- Developer: Helixe
- Publisher: THQ
- Platform: Nintendo DS
- Release: NA: October 29, 2007; EU: February 15, 2008;
- Genre: Simulation
- Mode: Single-player

= Ratatouille: Food Frenzy =

2007 video game

Ratatouille: Food Frenzy is a 2007 cookery simulation-styled minigame compilation video game developed by Helixe and published by THQ for the Nintendo DS. It was released in North America in October 2007, and in Europe in February 2008. It is based on the film Ratatouille.

== Plot ==
The game follows shortly after the events of the movie. With Gusteau's permanently closed from health violations, Remy is now the head chef at La Ratatouille bistro. He must lead his team of humans and rats alike to clean around the kitchen and prepare the finest cuisine for his patrons.

== Gameplay ==
Gameplay sees the player using the touch screen to play basic mini games usually throwing something from the bottom screen onto the top (for example flipping pans of fried fish onto the plates of the servers or throwing sponges at snails to stop them from making a mess).

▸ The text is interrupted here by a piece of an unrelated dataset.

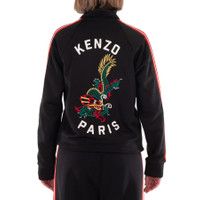 Kenzo Ladies Tops. Fashion category: Cardigans & Sweaters. SKU: FE55SW1644MZ-99J. Color: Black. Kenzo Dragon Print Long Sleeve Sweater. This long-sleeved retro jacket features a standing collar, two side pockets, and a two-way zip fastening. The emblematic Tiger adorns the chest, while the back is decorated with a large dragon representing the Year of the Dragon, contrasting red and white stripes on the sleeves and the interlock fabric complete the design. 55% polyester, 45% cotton. Made in Portugal. GENERAL Color: Black INFORMATION Brand: Kenzo Gender: Womens Model: FE55SW1644MZ-99J DETAILS Category: Tops Apparel Type: Cardigans & Sweaters Material: Cotton, Polyester ADDITIONAL INFO Jomashop Sku: -FE55SW1644MZ99J Department: Clothing

The game includes the cooking minigame from the DS version of the movie game where players create dishes by chopping and slicing ingredients on the bottom screen similar to the Cooking Mama series.

==Reception==
Ratatouille: Food Frenzy received mostly negative reviews from reviewers who criticized the lack of content in the game; the game received a 48% on Metacritic. IGNs Chris Adams felt that the game's seven minigames were too difficult for the target demographic and that it recycled content from another game based on the same movie, Ratatouille.